Extracted entries Start Marker
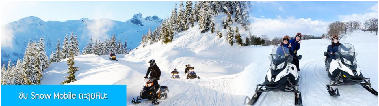
ขับ Snow Mobile ตะลุยหิมะ

ไกด์ท้องถิ่นนำเสนอโปรแกรมเสริม หรือ OPTIONAL TOUR ให้ท่านเลือกตามความสมัครใจ
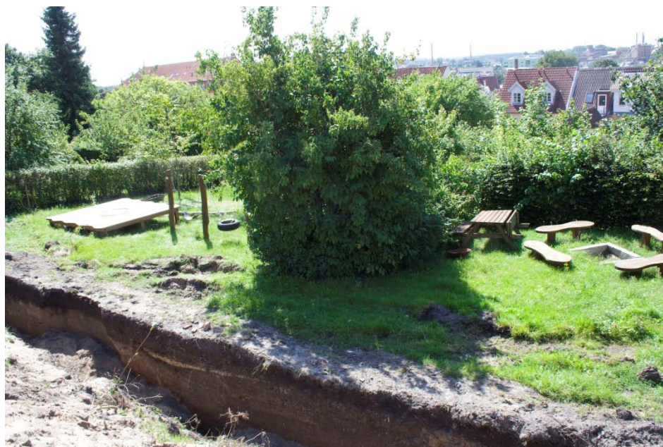
Figur 3: Grøft I med udsigt ud over byen.

Undergrunden består af sand, til tider gruset, i gule, orange og brune nuancer.
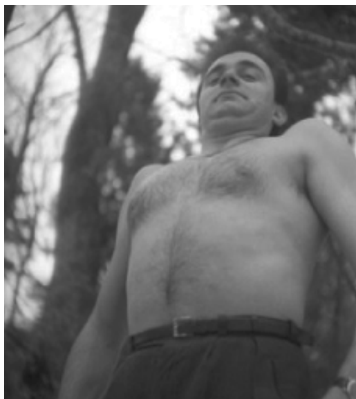
Foto 2: Tomislav Gotovac: Udisanje zraka (serija od dvije fotografije, Sljeme , 1962.)

Zanimljivo je pritom da prvi čin umjetnosti performansa u našem (jugoslavenskome) kontekstu kao prostor izvedbe odabire prirodu – kao neutralni ambijent, potpuno očišćen od svih ideologija, ali jednako tako tjelesan, prirodno bludan , kao i polunago muško tijelo i polunago žensko tijelo u ženskom časopisu (Vuković 2011: 180-181), a ne urbotopos. Dakako, u ovom slučaju priroda je kao ambijent i namjerno odabrana zbog zabrane prikazivanja nagoga tijela u javnosti, kao što, uostalom, navedena zabrana i danas vrijedi. Najnoviji primjer: 13. rujna 2014. svi umjetnici koji su sudjelovali svojim performansima (riječ je o nagim izvedbama) u okviru festivala Zagreb, volim te! , posvećena Tomislavu Gotovcu (Antoniju G. Laueru), bili su privedeni (usp. G. K. 2014, http).
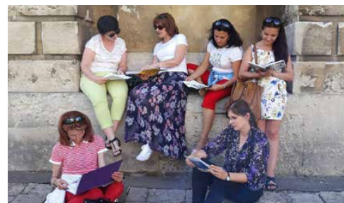
MOBILNI NAUCZYCIELE ZMIENIAJĄ SZKOŁY W GMINIE PSARY
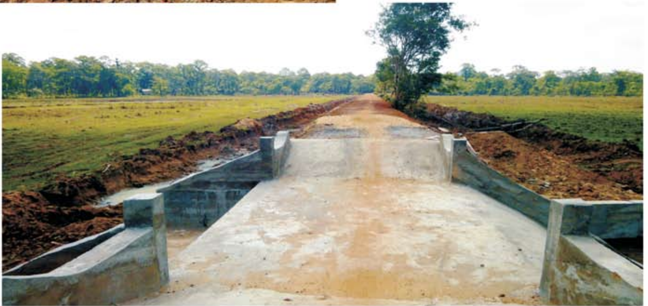
ទិដ្ឋភាពសំណង់បង្ហូរក្រោយពេលសាងសង់រួច

ប្រព័ន្ធធារាសាស្ត្រអូរលើង មានទីតាំងនៅភូមិកាចូន ឃុំកាចូន ស្រុករឹងសែ ខេត្តរតនគិរី ។ ទំហំការងារដែលត្រូវធ្វើរួមមាន ស្ដារប្រឡាយមេចំនួន ០១ខ្សែ ប្រឡាយរងចំនួន ០៣ខ្សែ និងសាងសង់សំណង់បង្ហូរចំនួន ០១កន្លែង ។
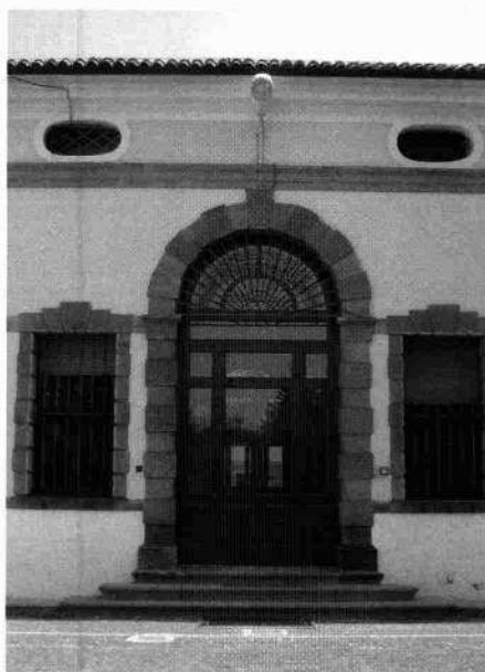
Prospetto verso la corte Esedra Particolare della nicchia con statua dell'esedra Il portale visto dalla corte interna
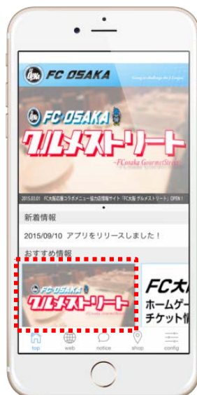
FC 大阪応援コラボメニュー 協力店ポータルサイトの トップ画面
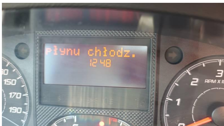
Fot. nr 89
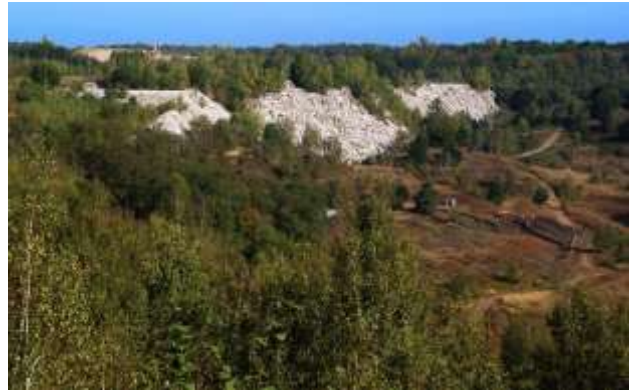
Die Grube Messel

Die Route verläuft weiter über Kalkofen zur kleinen Dianaburg. Die Dianaburg, früher auch Dianenburg, war ein barockes Jagdschloss auf der Gemarkung des heute zu Darmstadt gehörenden Ortes Arheilgen. Es wurde 1765 errichtet und 1808 abgerissen. An ihrer Stelle steht dort heute ein kleiner Pavillon aus dem Jahre 1836, welcher den gleichen Namen trägt. Wir wandern durch den Wald weiter nach Messel zum Bahnhof. Von hier ist es mit einem Abstecher nicht weit zum UNESCO-Weltnaturerbe Grube Messel. Das Seebecken war vor etwa 47 Mill. Jahren ein Maarkratersee und hat heute eine Ausdehnung von 800m Durchmesser und 65m Tiefe. Die Grube Messel ist eine Fossilienlagerstätte und demonstriert eine vitale und explosive Evolution von Säugetieren die im Eozän stattfand ( www.grube-messel.de )
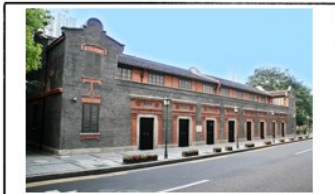
图A 中国共产党第二次全国代表大会会址 中共二大第一次明确提出党的最低纲领。纲领规定，在民主革命阶段，党的主要任务是打倒军阀，推翻帝国主义的压迫，将中国统一为真正的民主共和国。
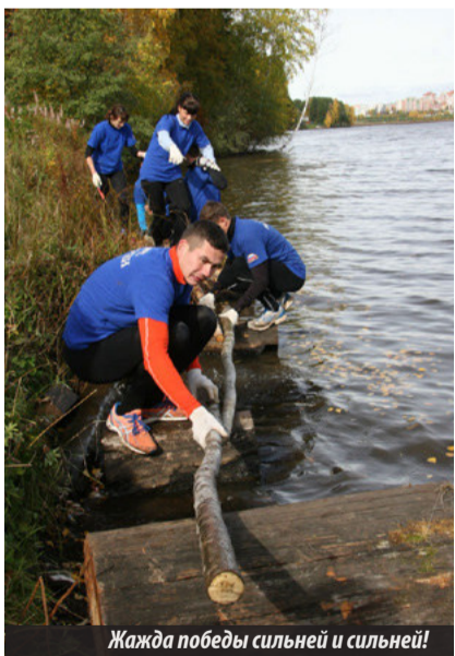
Жажда победы сильнее и сильнее!

Сразу хочется отметить, что многие из этих людей последовали одной известной поговорке: «Готовь сани летом...». А если быть точнее, представители рабочей молодежи города, несмотря на то, что турслет был намечен на субботу, уже с пятницы начали подтягиваться на «Журавлик». Сюда горожане подвезли дров, воды. Каждая команда, нынче их собралось аж 12, разбила на отведенном участке лагерь. Задымили костры, ответственные за полевую кухню принялись варить еду, запахло шашлыком, кашей, похлебкой... Остальным членам команд в это время скучать не приходилось, ведь для участия в турслете нужно было многое приготовить и проверить. Экипировка, принадлежности — все это пригодились ребятам в процессе выполнения различных заданий на этапах, где нужно было не только оказывать первую медицинскую помощь пострадавшему, а затем сплавляться на плоту по волнам, разжигать костры на время, ползать по веревкам, но и уметь ориентироваться на местности, искать азимут. Помимо перечисленного команды представляли су-
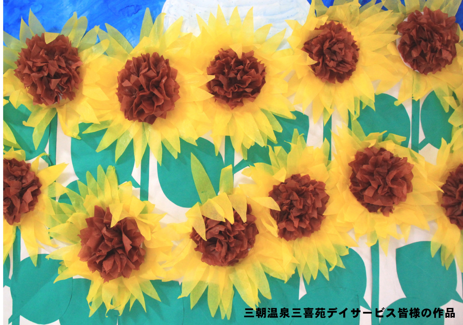
三朝温泉三喜苑デイサービス皆様の作品
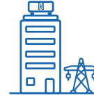
Versandsicht Netzbetreiber (Prozess-ID 37001)
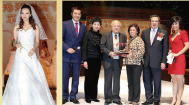
廣東金潮集團婚紗晚裝匯演。
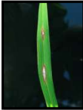
వరిలో అగ్గి తెగులు
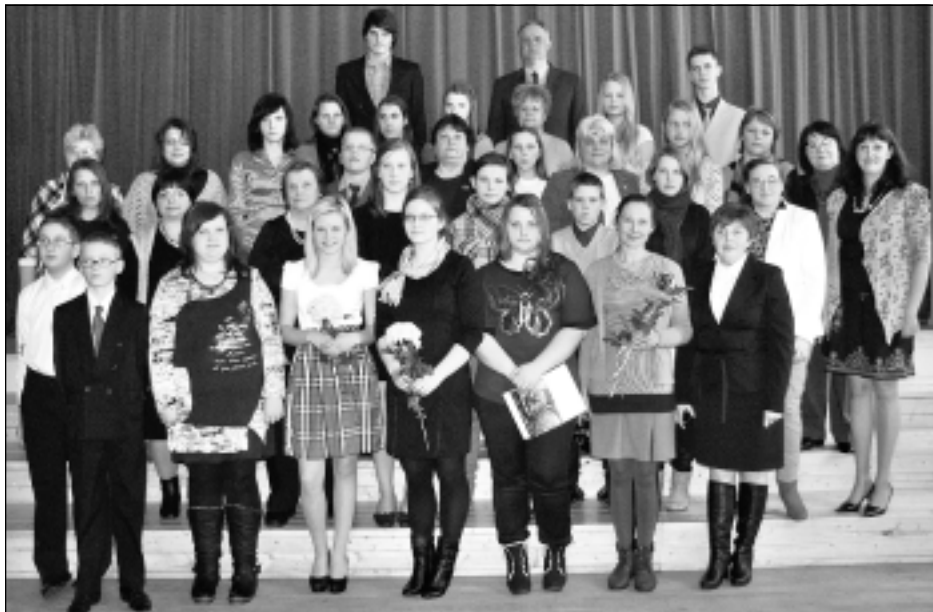
Noslēguma pasākumā. Jaunrades dzejas konkursa dalībnieki kopā ar skolotājiem.
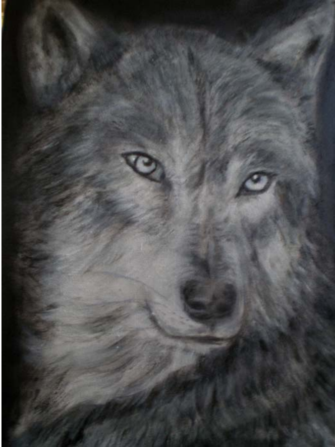
Illustration de Françoise Bardin Borg
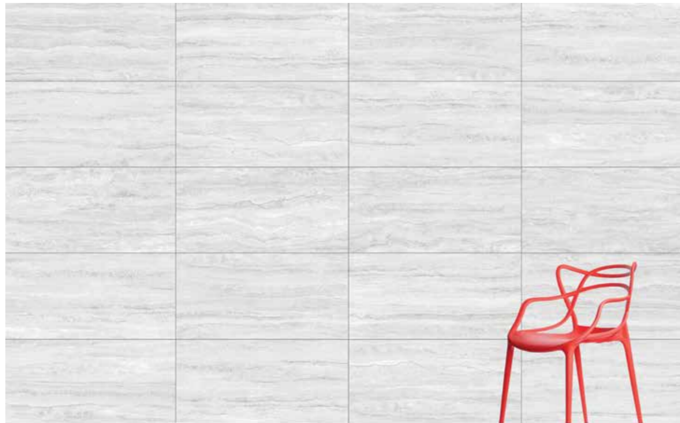
60x120 Traverten Light grey / Açık gri 300x120 3 Canvas (10,8 m 2 )
Extracted entries End Marker
» The problem: Leaving every picture aside, reproduce exactly the lines above from the one with "ទិដ្ឋភាពសំណង់បង្ហូរក្រោយពេលសាងសង់រួច" up to and including the one with "Prospetto verso la", and no others.

» Final answer:
ទិដ្ឋភាពសំណង់បង្ហូរក្រោយពេលសាងសង់រួច

ប្រព័ន្ធធារាសាស្ត្រអូរលើង មានទីតាំងនៅភូមិកាចូន ឃុំកាចូន ស្រុករឹងសែ ខេត្តរតនគិរី ។ ទំហំការងារដែលត្រូវធ្វើរួមមាន ស្ដារប្រឡាយមេចំនួន ០១ខ្សែ ប្រឡាយរងចំនួន ០៣ខ្សែ និងសាងសង់សំណង់បង្ហូរចំនួន ០១កន្លែង ។
Prospetto verso la corte Esedra Particolare della nicchia con statua dell'esedra Il portale visto dalla corte interna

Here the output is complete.